Hi, I don’t feel that using the timeline to represent a project is a good idea. Most of the time, you don’t pay attention to the look of it and reather work on a portion of it.
Why not just pick up a frame and show it like Totem does for video ?
Wouldn’it be more meaningfull ?
You don’t have to present the whole thing to get something that can be representative. Totem plays audio-video streams but only represent the video part in its icon.
When I’m éditing videos, I’m not thinking about its timeline, I’m thinking about rushes and result
I’m not sure it would be meaningful to me. As I said in the linked bug report, a single frame can’t really be representative for longer projects (ex: a 30 mins or 2 hours long movie can’t be summarized by one still picture, can it?), and it’s probably unable to serve as a unique identifier either: what if you have multiple variants of a project/story, or what if you reuse some clips across different projects (which is actually something I often do)?

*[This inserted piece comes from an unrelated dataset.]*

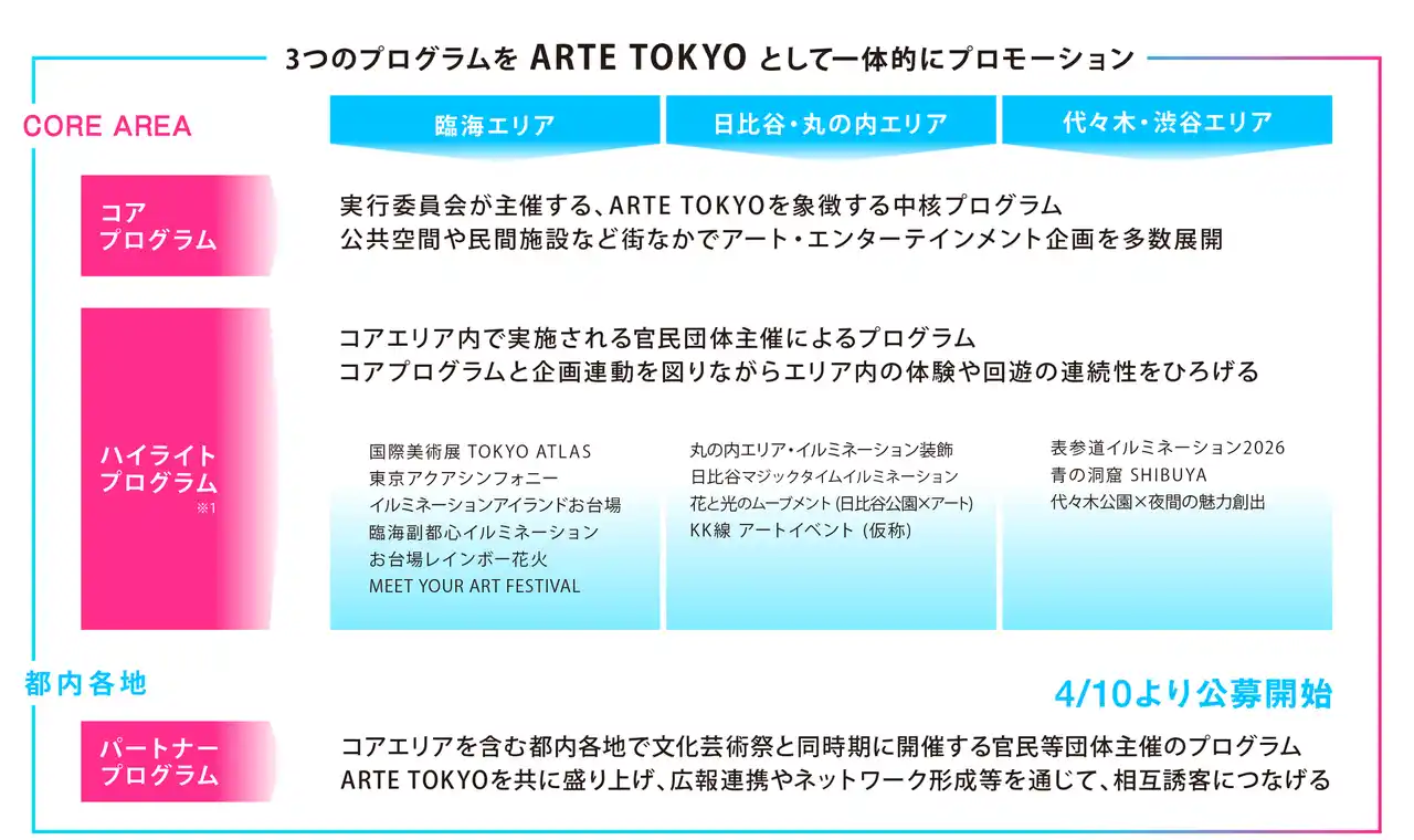 ARTE TOKYOでは、象徴的なイベントやベニューが集積する3つのコアエリアを中心に、パートナープログラム等との連携を通じて、多摩・島しょ地域を含む都内各地へと展開していきます。 |

And this is why free and open source software is truly great. Because people think beyond themselves and do things _for_ the community, because they truly love the community, enough that they will sacrifice time for their own project so that the community can benefit. Thanks so much for doing it the right way. <3
What I like, I don’t remember where they did this, is that you can scrub through the thumbnail simply by moving the mouse over it, i.e. from left to right would go from 0% to 100% of the video. Won’t work for things like nautilus, but you can make that work inside Pitivi at least.